|De La Fuente, Leonardo|
Submitted to: Plant Biology
Publication Type: Peer Reviewed Journal
Publication Acceptance Date: 6/20/2004
Publication Date: 1/20/2007
Citation: Weller, D.M., Landa, B.B., Mavrodi, O.V., Schroeder, K.L., De La Fuente, L., Bankhead, S.B., Molar, R.A., Bonsall, R.F., Mavrodi, D.M., Thomashow, L.S. Role of 2,4-diacetylphloroglucinol-producing fluorescent pseudomonas spp. in plant defense. Plant Biology 9 (1): 4-20 Jan, 2007. Interpretive Summary: Plants stimulate and enrich populations of antagonistic microorganisms in the rhizosphere environment through the release of nutrients as a first-line of defense against diseases caused by soilborne plant pathogens. Genetic resistance to some of the most common and widespread soilborne pathogens is lacking in most crop species.
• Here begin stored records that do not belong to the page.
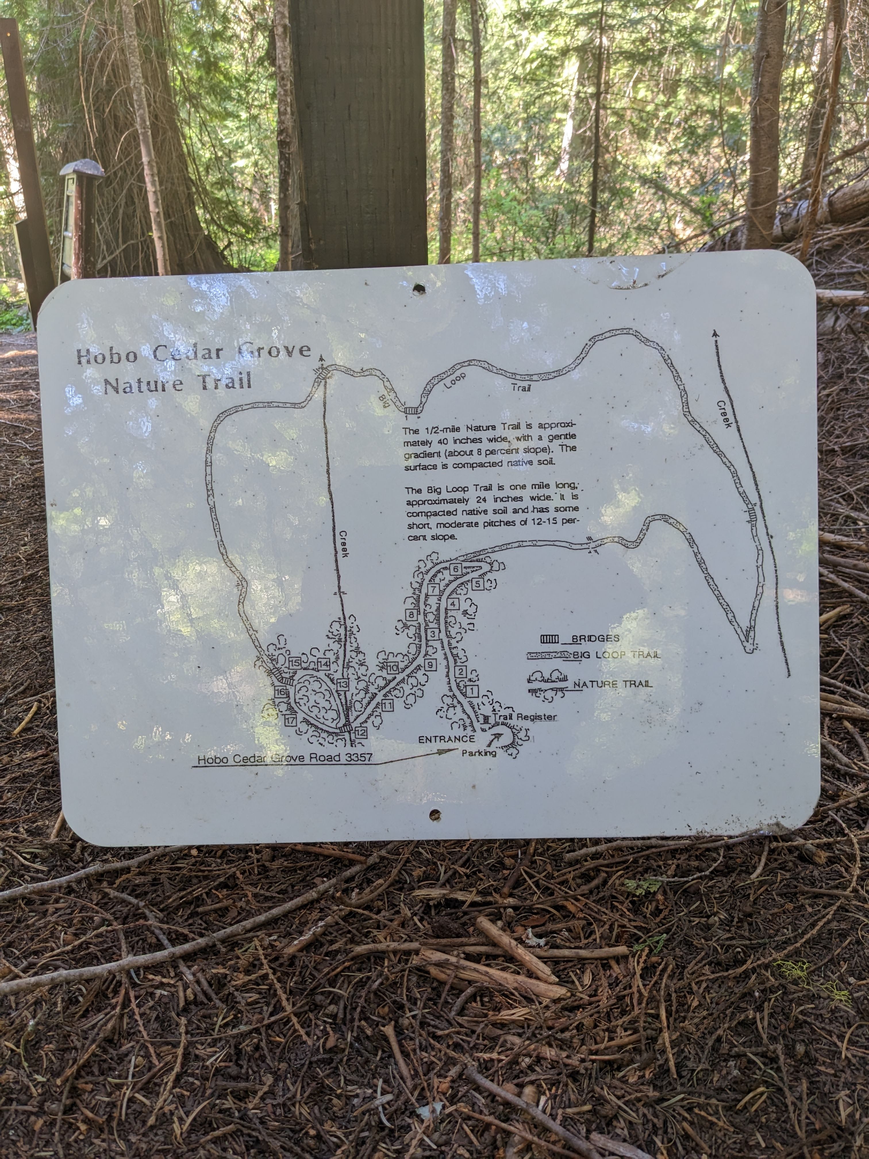 There are two loops within the grove. For the big loop, there are a few benches that one can sit at and take a rest after some of the steeper climbs. Massive cedar trees can be visible all around, and the trail comes close to the eastern creek and passes over the western creek, offering a bit of refreshment for pets along the way. I cannot be sure that the creeks flow year round, but they have been flowing both times that I have been up there. There are signs along the nature trail that are useful for educating the hiker on what they are looking at and how the unique ecosystem works.
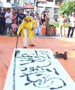 | Nghệ nhân trẻ Nguyễn Ngọc Thiện (bút danh Thiên Hoa) đang thủ bút. |
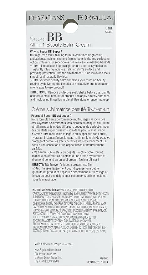 Physicians Formula Super BB Cream. All in 1 Tinted Beauty Balm Foundation Cream, Sheer Moisturizing Coverage, Cruelty free - Light
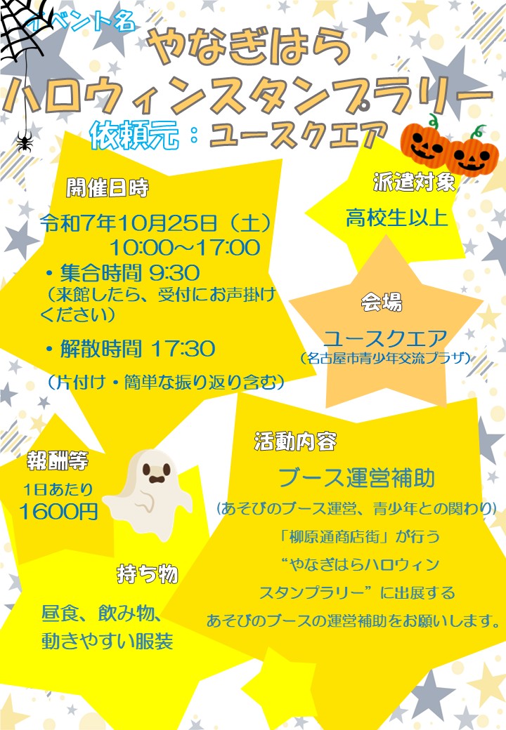 【ボランティア募集】『10/25(土)✨やなぎはらハロウィンスタンプラリーinユースクエア🎃』
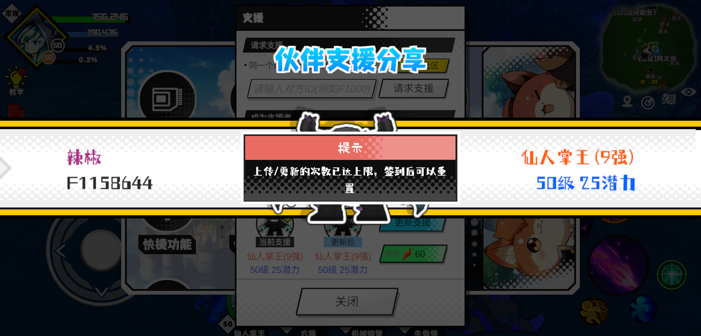 支援者:黎(F1169008)如果遇到困难,可以召唤我的宠物帮忙,召唤方法是进入地图后点击左下角的手机功能>支援>输入【F1169008】>就可以召唤我的宠物!我的宠物是蛋壳王(9强)50级 50潜力技能1:黑魔破技能2:黑魔破技能3:黑魔破技能4:黑魔破智慧配点:245初阶职业:鬼咒进阶职业:海神#超数据世界
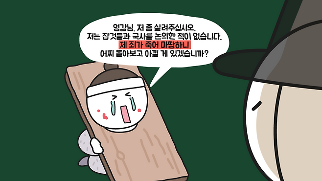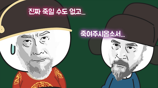 그런데 이들 표현 외에도 사극에서 자주 등장하는 표현이 "죽여주시옵소서. 전하"입니다. 주로 임금에게 직언할 때나 진짜 잘못한 일이 있을 때 사용하는데, 이 표현에 내포된 진짜 의미는 상황에 따라 다르긴 해도 진짜 죽여달라는 의미는 아닙니다.
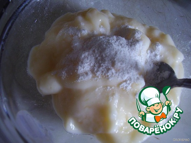 йогурт смешиваем с крахмалом и слегка взбиваем
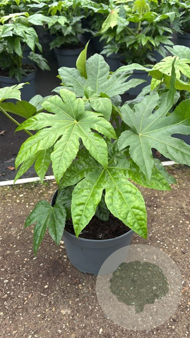 | Toelichting | De Vingerplant (Fatsia japonica) is een prachtige groenblijvende plant met grote groene bladeren en witte bloemen in de herfst. Ideaal voor een halfschaduwrijke plek met zure en humusrijke grond. Bereikt een hoogte van 200 cm en bloeit in oktober en november. |
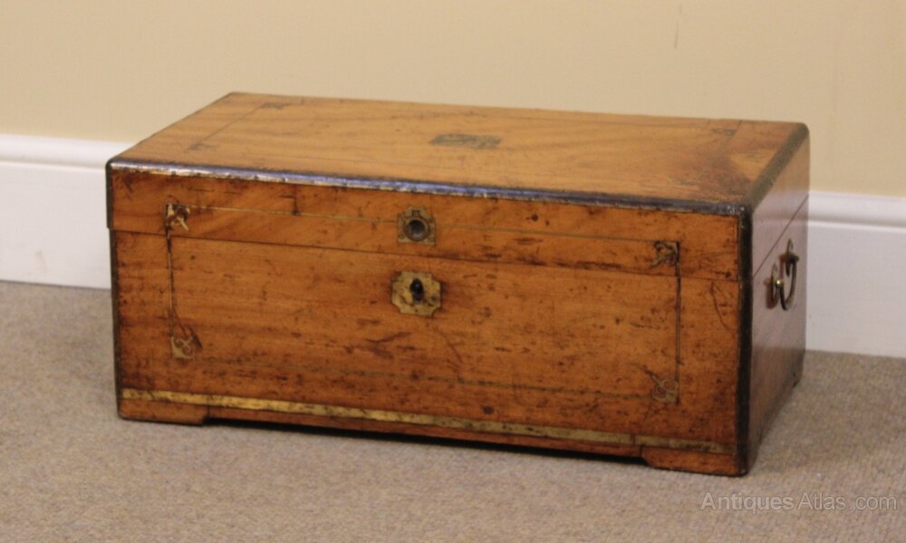19thc. Small Camphor Wood ChestWith brass bound corners & edges with
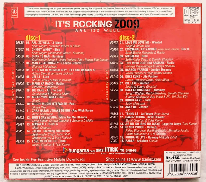 Its Rocking 2009 Aal Izz Well Hindi Audio cd
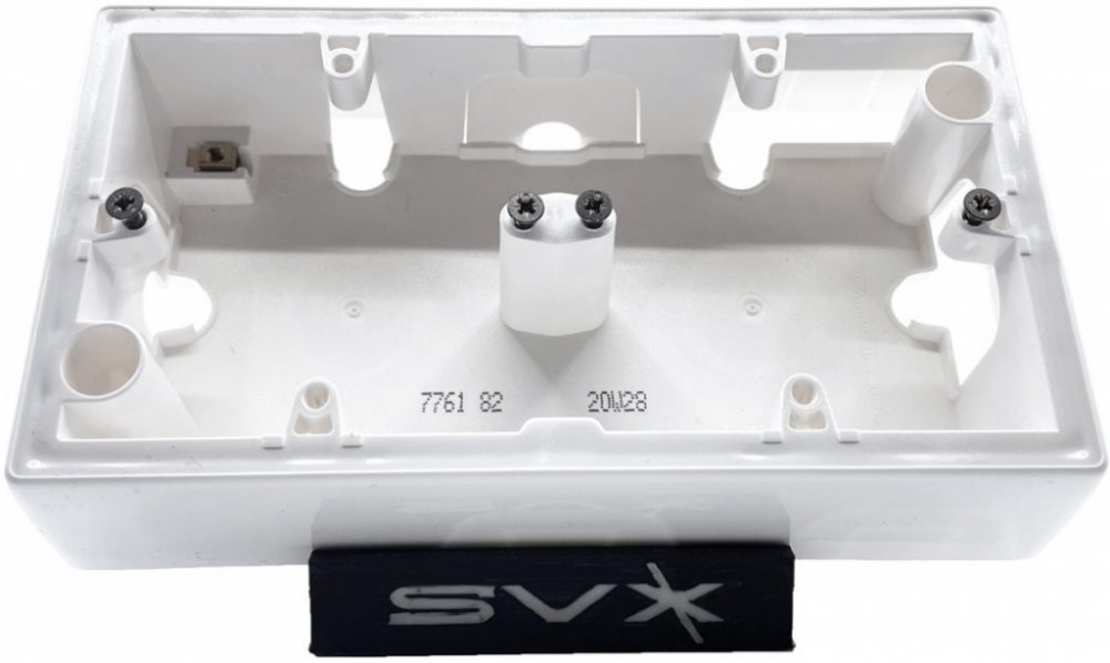 Valena 2 krabice na omítku bíláInstalační krabice Valena na povrch pro všechny běžné mechanismy řady Valena s rámečkem 85x85mm.Parametry:Sestavení: Rám pro povrchovou montážBarva: bíláBez halogenů: anoPočet jednotek: 2Nárazuvzdorný: anoS kabelovou průchodkou: anoS průchodkou kanálu: anoKvalita materiálu: termoplastMateriál: plastSměr montáže: Horizontální a vertikálníKrytí: IP2XProvedení povrchu: ...
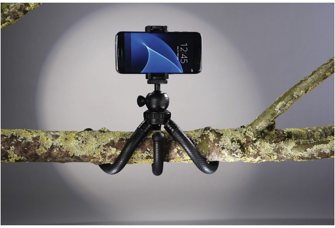 Platzsparend: Smartphone-Halterung kann eingeklappt werden. Smartphone-Halterung abnehmbar und für andere Stative verwendbar
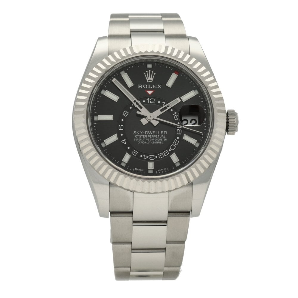 This Rolex Sky-Dweller 326934 has a black baton dial and a bracelet strap. This Rolex has undergone a thorough inspection of water resistance, accuracy, functionality and condition to determine the level of reconditioning required to meet our strict standards. It has also been referenced against technical documents and manufacturer records where available to ensure authenticity and a clean history. All our watches have a 24-month warranty for your peace of mind. One of our skilled polishing technicians has removed marks on the case and bracelet of this watch, brought about by daily wear and tear, which is why this watch does not come with the remaining manufacturer’s warranty.
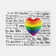 design LGBT-temático que caracteriza um coração do arco-íris cercado "eu te amo" por textos em línguas diferentes
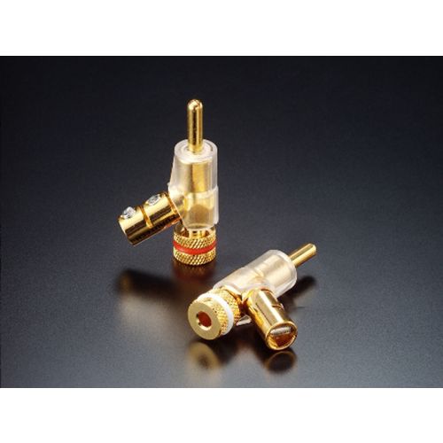 24K金メッキを施したオーディオグレードアングルタイプバナナプラグ。

Take-all is the most important root disease of wheat worldwide, causing over $1 billion in losses in the U.S. Take-all is difficult to control in modern cereal-based cropping systems because growers often must sow several crops of wheat before a break for economic reasons and practice reduced tillage to control soil erosion. However, wheat field soils become suppressive to take-all when wheat or barley is continuously grown in a field for 4 to 6 years following a severe outbreak of take-all, a phenomenon known as take-all decline (TAD). TAD is the best known example of natural plant defense by antagonistic microorganisms. In fields in Washington State and The Netherlands, TAD results from the buildup of populations of Pseudomonas fluorescens that produce the antibiotic 2,4-diacetylphloroglucinol (DAPG). Understanding the fundamental mechanism of TAD has allowed wheat growers to make better use of this natural phenomenon and allowed predictions of how long a wheat field must sustain damage from take-all before the natural suppressiveness of the DAPG producers arrests the disease. DAPG producers can also be introduced into a field that has not undergone TAD to accelerate the process of take-all suppression, thus reducing the number of years a field must sustain severe damage before the onset of natural disease suppression.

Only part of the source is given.